The Real Housing Blockers are the Gatekeepers at Local Planning Authorities

Councils should be given powers to charge council tax or other fees on unnecessarily delayed building of permissions.  So says South East England Councils (SEEC) in its new report Unlock the Housing Blockers.

You have to admire the front of authorities at times.  There are astonishingly few councils in the south east who can genuinely claim that they are fit for purpose when it comes to housing delivery. This is a result of political obfuscation and indecision, lack of officer resource and core skills, and niggles in the planning system.

So what better way to divert attention than to blame the housing industry for blocking housing delivery? Let’s assume for a moment that the SEEC are right; that one or two developers throttle delivery rates to maximise the return on their investment.  Consider the justification for such an outcome.  The principal issue is certainty of land supply, and certainty of income.  Housebuilders of all scales rely on their workforce, and in particular their construction supply teams.  Maintaining a consistent team of skilled labour requires a steady supply of projects.  The issue here is that no company would employ people without an ability to utilise them, to deliver sufficient returns to generate greater profits than costs.  Working a team to their maximum utilisation only works if the employer can guarantee that another project will be waiting for them once the current instruction comes to a close.  Otherwise, they will all be looking for other jobs.

Feeding that conundrum into the world of land and planning highlights an obvious tension.  Local authorities continue to fail to deliver robust development plans with sound housing allocations.  As of January 2017, a full 70 per cent of local authorities in the South East remain without an up-to-date development plan. That is bad news for homeowners and home renters, but it’s also bad news for developers. They are being starved of oxygen to keep their businesses in rude health, to enable them to plan for growth, to employ additional people, and to increase the volume of housing development – all of which support the UK’s economic growth.  Developers are often obliged to track the pace of developments, and the number of teams working on them.
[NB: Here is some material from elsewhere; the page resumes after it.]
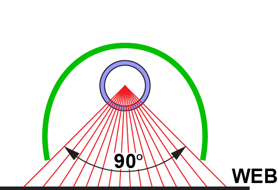 ランプから放射される紫外線の約 25% が硬化面に直接照射されます。これは、90° の角度で放射される光を示す画像 3 に示されています。残りの 75% の紫外線出力は、270° の反射鏡から放射され、焦点に集中します (画像 4)。このため、反射鏡を清潔に保ち、定期的に交換することが非常に重要です。反射鏡を清掃または交換しないと、反射エネルギーの量が大幅に減少し、不十分な硬化やライン速度の低下につながる一般的な原因となります。

This isn’t because they don’t want to build more quickly – and thereby improve the potential of maximising returns – but through a limited supply of future sites.

I have said on more than one occasion that strategic land promoters and the housebuilding industry suffer from appalling PR (ultimately their own fault), and that we should more readily equate housing supply to an infrastructure pipeline in just the same way as we view gas or oil.  A landbank in that context is a good thing.  It provides greater certainty of delivery, and will actually increase the flow rate of growth, and all parties in the supply chain gain greater confidence from its existence.

Let me put this into context.  Iceni undertook some research into South Essex recently (not strictly covered by SEEC, but you’ll get the point), which sought to match how many of the circa 50,000 homes projected to be required in the sub-region could be referenced in any form of development plan – be that draft allocation or adopted plan.  We were unable to point to more than circa 3,000 plots.  Recognising that the majority of land required to deliver growth is presently zoned Green Belt, can anyone blame the respective land promoters and house builders for being cautious about bringing forward planning applications?  The minute they do, they are subject to claims of being opportunist, parasitic developers.

SEEC’s report is a great diversionary tool, but does little to address the underlying problems in housing delivery.  Development in the South East – particularly of the strategic land promotion flavour – is a long, hard slog.  It’s expensive, uncertain, and bedevilled by political opportunism.

Developers are not altruistic, and we do not have a benevolent public sector that is about to return us to the housebuilding rates last seen in the 1970s.  Developers have shareholders that expect returns (it is no great leap of imagination to understand the pressures that this brings to bear – we all have shareholders too, by way of our pensions).

The system we have has been fine-tuned by political short-termism, local authority budget cuts, and 20-plus years of NIMBYism.  Adopt some development plans, and housing delivery will materially rise.  The pendulum swings back– the real onus is on local authorities to unlock the housing blockage, not developers.